As compression members are subjected to axial compression force which causes buckling of member. Mostly compression member carry load along its length ( l ) in vertical direction. such members are column, pedestal , strut, etc. Strut is a member which can carry load along its any direction.

Classification of Column :

Classification according to Length

Column is classified according to its length ( based on slenderness ratio ) is given as…

Short column

Long column

According to IS:456-2000 the column section is classified as Leff/D ratio is less than 12 then it is known as short column and if the ratio is greater than 12 then column is known as long column or slender column.

Where, Leff = effective length of column

D = total depth of column

Classification according to Loading

column are also classified corresponding to loading condition which is given as follows..

Concentric axial load ( fig 1)

Axial load and Uni – axial bending ( fig 2)

Axial Load and Biaxial bending (fig 3)

Figure 1 Dia. of Axial load , axial moment, Biaxial moment

Classifiction according to Shape :

Column is also divide in to different shape and section like square section , rectangular section column , circular column. These type of column is very common in practical use of design. It is easy to design as simple and symmetrical section. Other than these Ell( L) shaped column , T shaped column and Cruciform shaped column is also use for structure. But these type of column have two component as flange and web. So design for Axial and Biaxial loaded column is difficult in actual practice. The fig shows some section of the column below.

Figure 2 T , Cruciform , L shaped column

Pu – Mu Interaction curve

The different combination of Pu and Mu for each failure mode of given column section are determined and plotted , the resulting curve is known as Interaction Curve. The interaction diagram is very useful for designing and analysis of the section. A column interaction diagram is visual representation of combine load (axial and bending) that will cause the column to fail. where Pu is known as Ultimate Axial Load in kN and Mu stands as Ultimate Moment in kN.m in the section. The fig. shows general column typical interaction curve.

Figure 3 Interaction diagram for general section

The interaction diagram is useful to know the percentage of reinforcement in the section for given grade of concrete and steel. From the value of Pu and value of Mu eccentricity at each point can be calculated.

From the Interaction diagram failure zone of section can also find out according to three modes of failure and type of section can be found out as under reinforced , over reinforced and balance section. The above fig also shows Pu at zero eccentricity and moment at pure bending.

Need of Interaction curve

A reinforced concrete column is design with longitudinal reinforcement and lateral ties. The ultimate load carrying capacity and bending moment carrying capacity ( Pu and Mu) is dependent upon eccentricity of load before the column collapse.

Pu and Mu are to be determined for a column with specific percentage of longitudinal steel bars assuming different positions of the neutral axis.

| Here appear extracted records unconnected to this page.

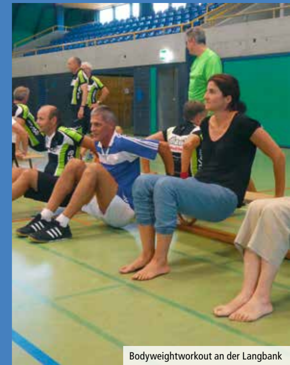
Bodyweightworkout an der Langbank

wegten sich über 50 Frauen und Männer jeglichen Alters im Rhythmus der Musik. Einige von uns verzichteten auf das Turngerät, damit die ESV-Mitglieder dieses ausprobieren und mitmachen konnten. Alle 15 Minuten wechselten die Teilnehmer den Posten, sodass am Ende jeder jeden Posten absolviert hatte. Trotz Anstrengung und Schweiß während und Durst nach unserem Programm, erhielten wir viel Lob und die Teilnehmer hatten viel Spass. Einige waren auch von der Intensität unserer Trainings überrascht. Unser Beitrag brachte nochmals viel Bewegung in den Anlass und lieferte Gesprächsstoff beim anschliessenden gemütlichen Beisammensein. Am späteren Nachmittag ging der Jubiläumsanlass dann zu Ende. Fitness und Spiele ist nun bei vielen Mitgliedern des ESVO bekannt und bleibt, weil sie sich mit uns bewegten, in Erinnerung.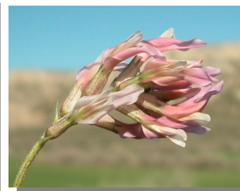
A. incanus . Detalle de la inflorescencia con flores rosadas y de la hoja.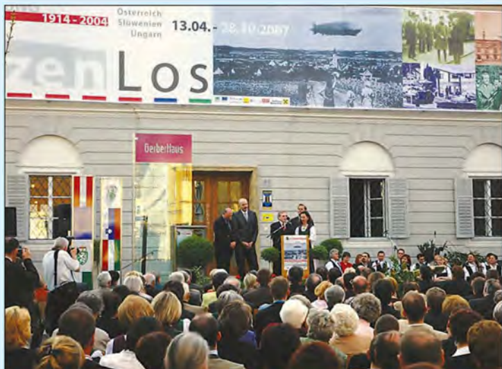
Otvoritev razstave v Fehringu - Gremzenlos 1914-2004 (Avstrija, Slovenija, Madžarska) - 13. april 2007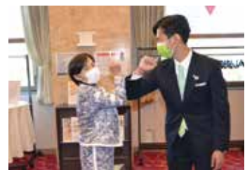
カミヤタッチでご挨拶させていただいています

られる視線も変わってきているようにも感じます。そのように様々なことが変わり、新しい生活様式も求められる中、全国の皆様にご挨拶する機会を得られるようにWEB画面を通じたリモート形式もフルに活用して取り組んでいます。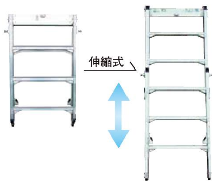
コンステージはしご MKTH-S MKTH-O MKTH-M MKTH-L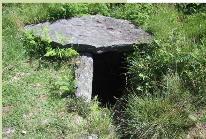
Dolme de San Tomé de Recaré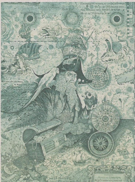
Уладзіслаў Квартальны «Каардынаты прыгод», 2014 г.

Выстаўка «Калекцыя графікі» працуе ў галерэі «Лабірынт» Нацыянальнай бібліятэкі Беларусі. Па словах арганізатараў, экспазіцыя дае панараму сучаснага беларускага мастацтва, аб'яднанага высокім узроўнем прафесійнага майстэрства аўтараў. Прадстаўленыя творы адлюстроўваюць актуальны зрэз сучасных графічных прыёмаў, жанраў, тэм і аўтарскіх вынаходак, падкрэсліваюць значную ролю фарміравання калекцый графікі ў беларускай культуры і развіцці выяўленчага мастацтва. Ubачыць праект можна да 17 верасня.

Finding out such pair of Pu & Mu is very time consuming process. Thus Interaction is very helpful to designers as it makes the design process very easy.

“””Methodology for development of Interaction curve

Generally Interaction curve is represent in the form of Pu/(Fck*Ag) v/s Mu/(Fck*Ag*D) . SP 16 has given different curve for rectangular section. This curve is mainly depended on P/Fck value where p is the percentage of reinforcement and fck is grade of concrete. One should have the give initial data like depth , width ect.. and designer can get percentage of r/f according to depth and other specification mention by designer. Along with it load and moment can also calculate from the curve as P/Fck is known to us.

Application of Interaction Curve

As mention above, Interaction diagram is the source to find out each value in column if one parameter is know. So it is applicable in every type of column whether it is short column or long column ( slender column ). This Interaction diagram is useful to check Biaxial moment for Biaxial loaded column and from that safe design can be applied.

Advantages And Limitation of Interaction Curve

Net search

Objective of the Study

The Interaction chart is help designer to design column with any given specification easily .

To generate graph for different shape of column like flanged section ( T section ).

It also gives the stress ‘ strain relationship for various value of depth of N.A. along with placement of reinforcement and curvature of axial moment.

To understand the failure pattern of column for various section of column from depth of neutral axis.

To understand the compression and tension failure pattern according to position of eccentricity.

Scope of work

To fulfill above objective, the scope of project is as follows..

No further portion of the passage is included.